Nuanced opinion detection
Sarcasm and context understanding
Confidence scoring (0.0 - 1.0)
Subjectivity rating (0.0 - 1.0)
Emotion breakdown: positive/negative/neutral

Output Fields:

{
  "sentiment_overall": float,         # -1.0 to 1.0
  "sentiment_confidence": float,      # 0.0 to 1.0
  "sentiment_subjectivity": float,    # 0.0 to 1.0
  "emotion_positive": float,          # 0.0 to 1.0
  "emotion_negative": float,          # 0.0 to 1.0
  "emotion_neutral": float            # 0.0 to 1.0
}

Service: app.services.sentiment:SentimentAnalyzer Fallback: Graceful degradation to VADER when Gemini fails

3. Vector Embedding Semantic Search

Status: ✅ Fully Implemented

Technology:

Sentence Transformers (all-MiniLM-L6-v2 model)
384-dimensional embeddings
PostgreSQL pgvector extension
Cosine similarity search

Capabilities:

Find conceptually similar articles (not just keyword matches)
Semantic search: "tourism growth" finds "visitor increases"
Article similarity detection (>0.7 threshold)
50ms average query time for 100K embeddings

Database: Vector columns in articles and keywords tables Service: app.services.embeddings:EmbeddingGenerator API: /api/search/semantic, /api/search/similar/{article_id}

4. Intelligent Keyword Suggestion System

Status: ✅ Fully Implemented

User-submitted keyword suggestions with AI evaluation:

Workflow:

User submits keyword suggestion via /suggest page
AI evaluates significance (Gemini API)
Admin reviews pending suggestions
Auto-translation to 9 languages on approval
Immediate news search triggered (bypassing 3-hour cooldown)

AI Evaluation Metrics:

Searchability Score (0-100): How easy to find news articles
Significance Score (0-100): Global/regional importance
Specificity: "too_broad", "optimal", "too_specific"
Decision: "approve", "reject", "needs_review"
Reasoning: AI explanation of decision

Database Tables:

keyword_suggestions - User submissions
keyword_evaluations - AI evaluation history

Services:

app.services.keyword_approval:KeywordApprovalService
app.api.suggestions:router
app.api.admin:router (approval/rejection)

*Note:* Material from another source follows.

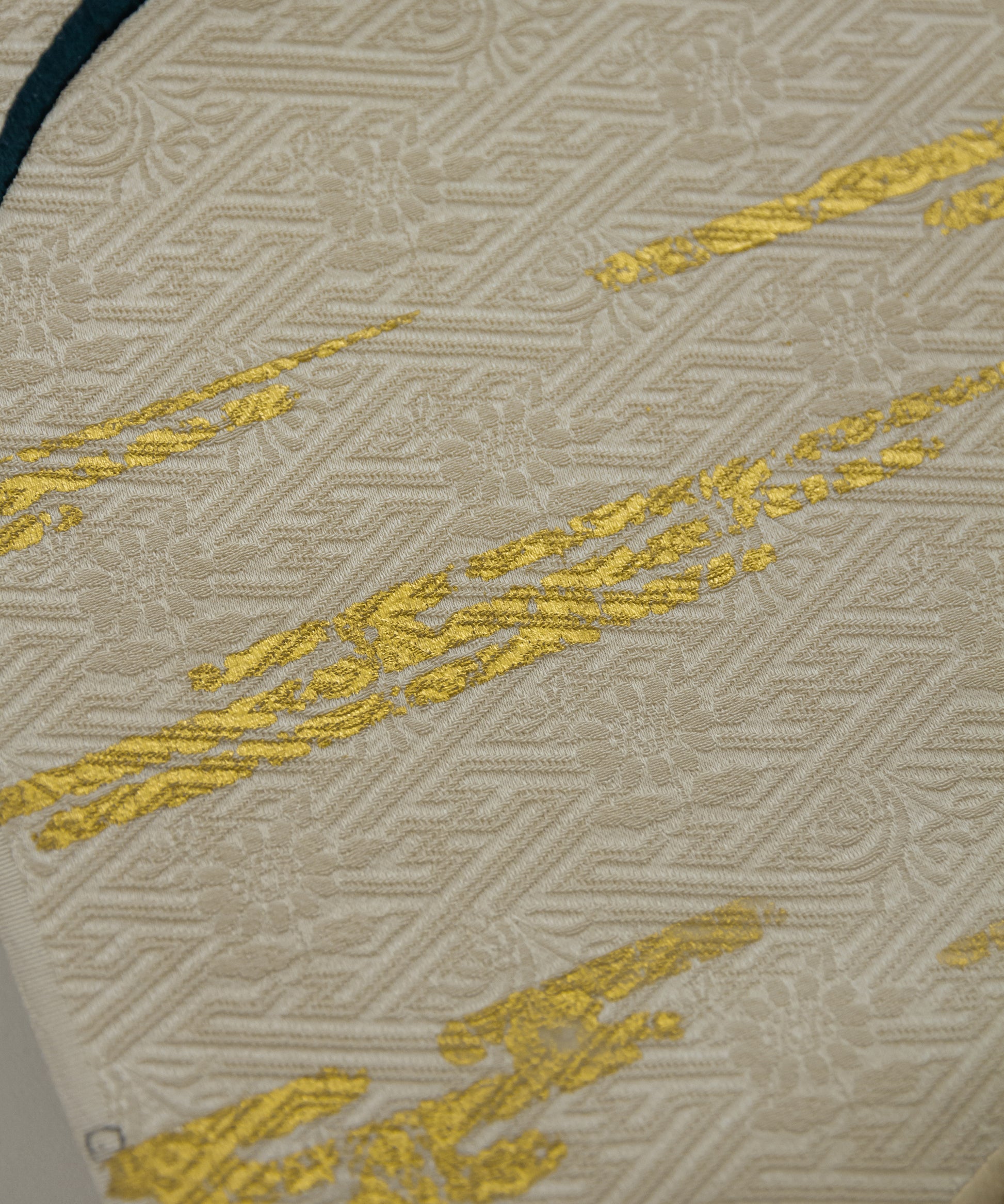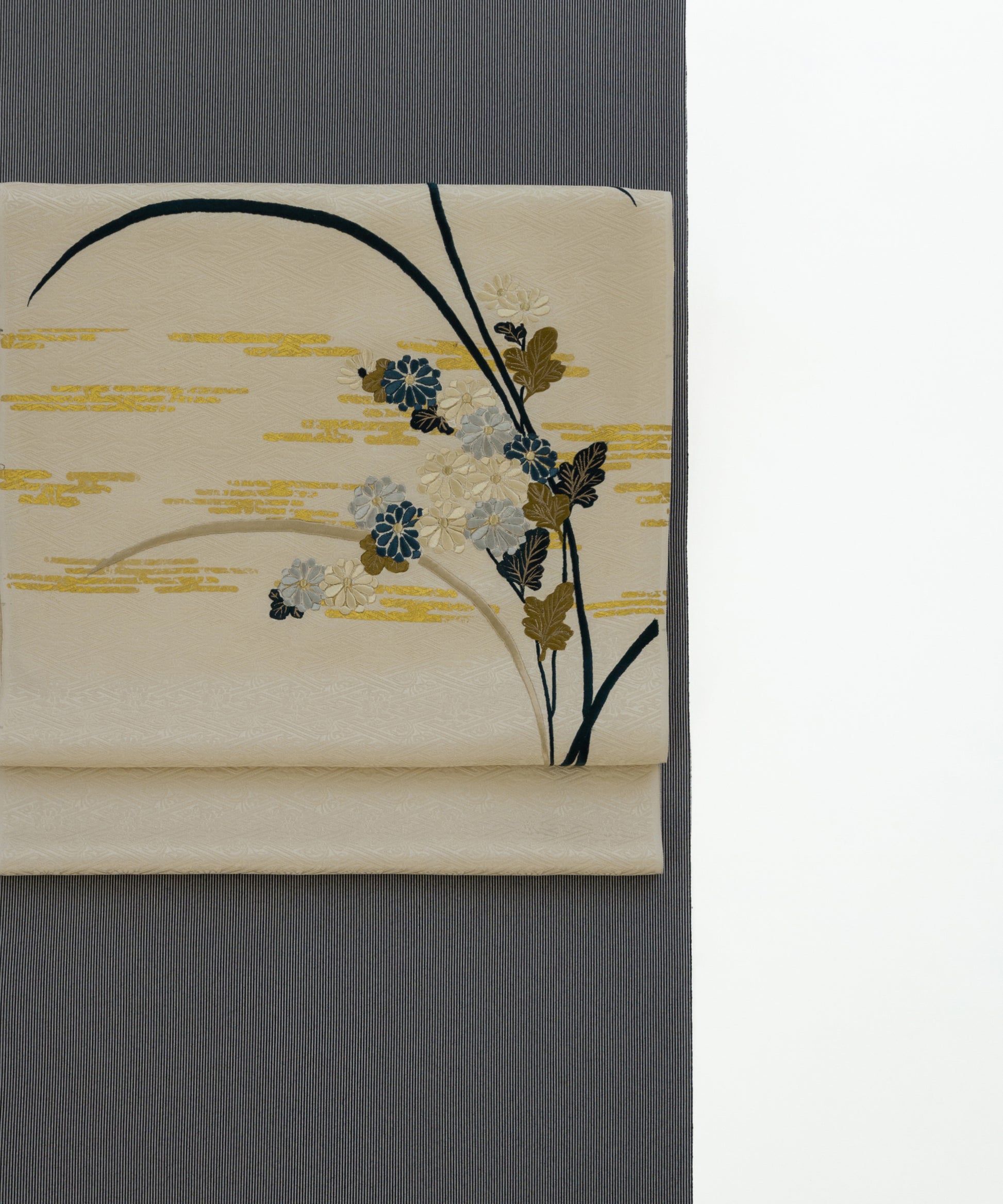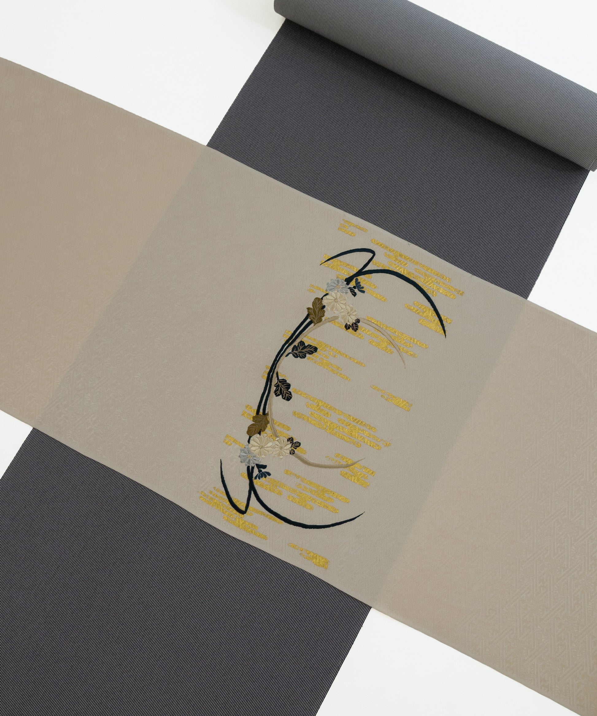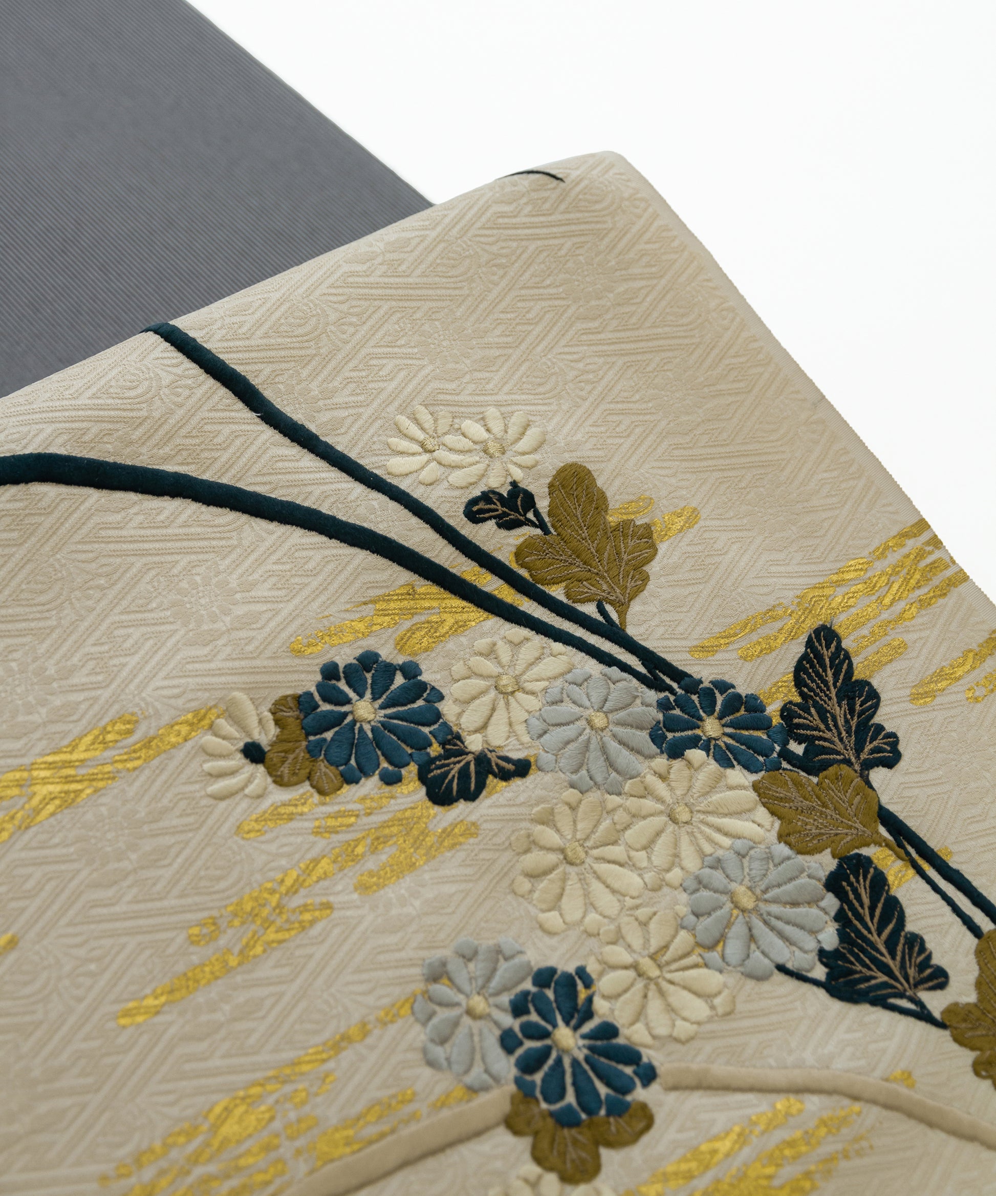 こちらの作品は白茶色に染められた紗綾形が地紋となり、金彩と刺繍で菊と芒が繊細に描かれております。江戸時代初期に流行した、刺繍や箔などを組み合わせて、当時の職人が技術を競い合い、より美しい情景を表現しつづけてきた日本の伝統的な柄です。

5. Smart Keyword Search Scheduling

Status: ✅ Fully Implemented

Prevents duplicate searches and manages API quota efficiently:

Features:

3-hour cooldown between searches for same keyword
Priority queue system (0-100 scale)
Retry mechanism (max 3 attempts)
Scheduled search queue

Database Table: keyword_search_queue Columns:

scheduled_at - When to execute search
priority - Queue priority (0-100)
attempts - Retry count
max_attempts - Failure threshold
last_error - Error tracking

Celery Tasks:

populate_keyword_queue - Runs every 30 minutes
process_keyword_queue - Runs every 15 minutes

Service: app.services.keyword_scheduler:KeywordScheduler

6. News Source Management

Status: ✅ Fully Implemented

Configurable news sources with metadata:

12 Pre-configured Sources:

BBC News
Reuters
Deutsche Welle (DW)
France 24
Euronews
The Guardian
The Telegraph
El País
Le Monde
Corriere della Sera
Politico Europe
EUobserver

Source Configuration:

Name, base URL, language
Country of origin
Priority level (0-100)
Parser type
Tags for categorization
Enable/disable toggle

Ingestion Tracking:

Last run timestamp
Articles ingested count
Success/failure status

Database Tables:

news_sources - Source configuration
source_ingestion_history - Tracking

API Endpoints:

GET /admin/sources - List sources
POST /admin/sources - Add source
POST /admin/sources/{id}/toggle - Enable/disable
GET /admin/sources/{id}/ingestion - View history

🤖 AI/ML Features

7. Gemini AI Integration

Status: ✅ Fully Implemented

Use Cases:

Sentiment Analysis: Nuanced opinion detection
News Discovery: AI-researched article finding
Keyword Extraction: spaCy NER + Gemini validation
Keyword Evaluation: Automatic suggestion scoring
Translation: Context-aware multi-language

Rate Limiting:

30 calls per minute (configurable)
Automatic retry with exponential backoff
Fallback to deterministic methods

Error Handling:

Graceful degradation
Detailed error logging
Quota tracking

Service: app.services.gemini_client:GeminiClient

8. Keyword Extraction Pipeline

Status: ✅ Fully Implemented

Two-Stage Extraction:

Stage 1: spaCy NER

Named Entity Recognition
Extracts: PERSON, ORG, GPE, LOC, EVENT
Fast baseline extraction

Stage 2: Gemini Validation

Confirms relevance
Extracts additional keywords missed by spaCy
Filters noise and irrelevant entities

Output: List of validated keywords with confidence scores

Service: app.services.keyword_extractor:KeywordExtractor

9. Fact vs. Opinion Classification

Status: ✅ Fully Implemented

Automatically classifies articles:

fact: Objective reporting
opinion: Editorial/commentary
mixed: Contains both

Method: Gemini AI analysis of article content Database: articles.classification column Use Case: Filter news by objectivity level

📡 API Endpoints

Keyword Management (7 endpoints)

GET    /api/keywords/                         # Search with pagination & filters
GET    /api/keywords/{id}                     # Detailed keyword info
GET    /api/keywords/{id}/articles            # Related articles (sorted)
GET    /api/keywords/{id}/relations           # Mind map data
POST   /api/suggestions/                      # Submit keyword suggestion
GET    /api/suggestions/                      # List all suggestions
POST   /api/suggestions/{id}/vote             # Upvote suggestion

Sentiment Analysis (4 endpoints)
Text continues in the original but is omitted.